E por falar em biodiversidade, o economista Gonzalo Enríquez, mestre em política científica e tecnológica, pela Unicamp, professor da UFPA e doutorando (muito provavelmente já doutor!) em gestão do desenvolvimento sustentável na UnB (dados de abril de 2005), escreveu interessante texto intitulado: Os caminhos da bioprospecção para o aproveitamento comercial da biodiversidade na Amazônia. (disponível em: www.comciencia.br/reportagens/2005/04/10.shtml)

Enríquez afirma que a preocupação com a biodiversidade se divide em antes e depois da Convenção sobre a Diversidade Biológica (CDB), realizada no Rio de Janeiro em 1992. Antes da CDB, eram protegidos os animais “carismáticos” (de estimação, por exemplo) e áreas de “beleza exuberante”. Com o avanço da tecnologia, a partir dos anos 80, percebeu-se a importância econômica dessas áreas: dá-lhe exploração! Já após a CDB, tem-se novas regras a fim de se promover justiça e equidade para tais explorações e comercialização de produtos naturais, acirrando, assim, os debates entre empresas, indústrias, consumidores, organizações não governamentais (ONGs), organizações sócio-ambientais e populações locais (essas três últimas, mais interessadas na preservação e no uso sustentável).

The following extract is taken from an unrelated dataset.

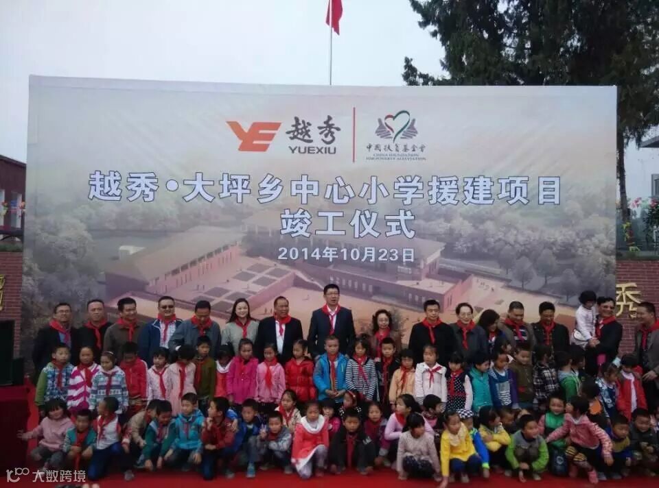 近年来,越秀地产向雅安灾区捐赠683万;向鲁甸灾区捐赠300万;2014年10月23日,由越秀地产援建的大坪乡中心小学正式竣工,成为雅安地震后,天全县第一所竣工的整校重建学校。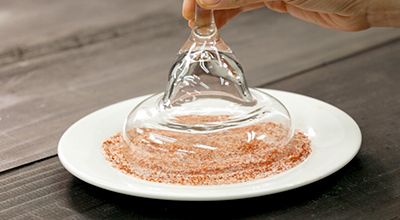 Aparte, mezcla azúcar con un toque de chile en polvo (chile piquín) humedece el borde de una copa margarita con agua o zumo de limón y escarcha

No caso específico da Amazônia, Enríquez acentua a importância da exploração sem devastação, ou seja, de forma sustentável. Mas tal medida empacaria no grande desconhecimento da distribuição dos potenciais da floresta, na falta de mecanismos para agregar valor de mercado aos produtos e nas comunidades locais, que muito conhecem da floresta, mas são excluídas injustamente do processo produtivo. Então o economista aponta a bioprospecção como uma saída interessante, uma vez que se trata de um mecanismo capaz de possibilitar novos conhecimentos para o uso comercial da biodiversidade e melhores condições de vida e inclusão social para as comunidades locais. Isso tem gerado acordos (já existentes no Brasil) entre empresas interessadas na exploração de produtos naturais e comunidades locais, dos quais o autor cita alguns exemplos.

O texto deixa bem claro a questão política e econômica que envolve a utilização de tecnologias e conhecimentos científicos na exploração de recursos naturais, sem falar no impacto ambiental e social que pode ser benéfico ou não, a depender dos mecanismos político-sociais adotados.

Percebemos, com facilidade, com este simples exemplo, a inexorabilidade das relações intrínsecas entre Ciência, Tecnologia e Sociedade. Se quisermos mudar um ponto, precisamos mudar o todo, e para mudar o todo sustentavelmente é preciso mudar muitos pontos, paradigmas precisam ser completamente revistos. Quem sabe, essa mudança paradigmática de valores não possa traçar rumos mais humanitários à Ciência e à Tecnologia, em prol de uma Sociedade mais justa e feliz? Só tentando para saber!